2\. Pornographic celebration of violence contrasted with ridiculous
prudishness. One of the children's movies (or maybe "family" movies) I watched
when I was a kid had female toplessness in it. Judging by the late effects,
today, decades later, I can tell you that this causes absolutely zero
problems. Neither does male nudity. But today, whenever I go to the cinema, I
must be prepared to see people being hacked to pieces, which is IMO totally
fucked up. Not that I have any problem with violence in movies, but why does
it have to be _every single one_ of them? I mean Pirates of the Caribbean 2?
That is a movie made for children by Disney. Why does it start with explicit
scenes in a torture prison?

I have, however, observed one positive trend, which is the growing willingness
of television series producers to take a more relaxed stance towards nudity.

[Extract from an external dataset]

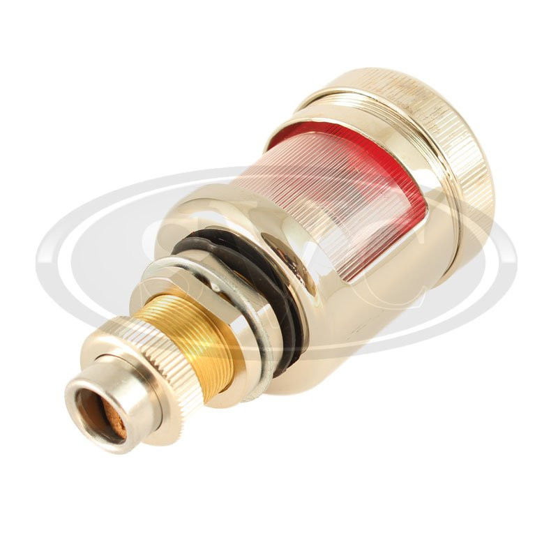 Early pattern cylindrical rear lamp equivalent to Lucas type 582. With side number plate illumination in stop and tail lamp configuration, when fitted with a red glass prismatic lens. Without side number plate illumination in indicator configuration, when fitted with an amber glass lens. Screw on metal rim. 45mm diameter x 93mm overall, body 42mm diameter. BA15D double contact equal pin bulb holder. Mounts through a 20mm panel hole. Offered in black or nickel or chrome plated finish. For spare stop and tail bulbs please see B381 (12V) and B383 (6V), or LED equivalents designed for these lamps CSTLEDWWR-6 and CSTLEDWWR-12. For spare indicator bulbs please see our B319 (6v) or B335 (12V).

Maybe I'm just getting old and grumpy. Hmpff.

------
qq66
Atheism, as a conceptual focus of a movie, is about as interesting as a group
of people who aren't marathon runners. It's hard to define a character by what
they don't believe in.

There are plenty of movies that are "atheist" in that God or deities do not
play any role in the movie. For example, the movie "Her" and a million others.

------
ChuckFrank
Oh the irony. Hollywood has realized that "Piety is profitable"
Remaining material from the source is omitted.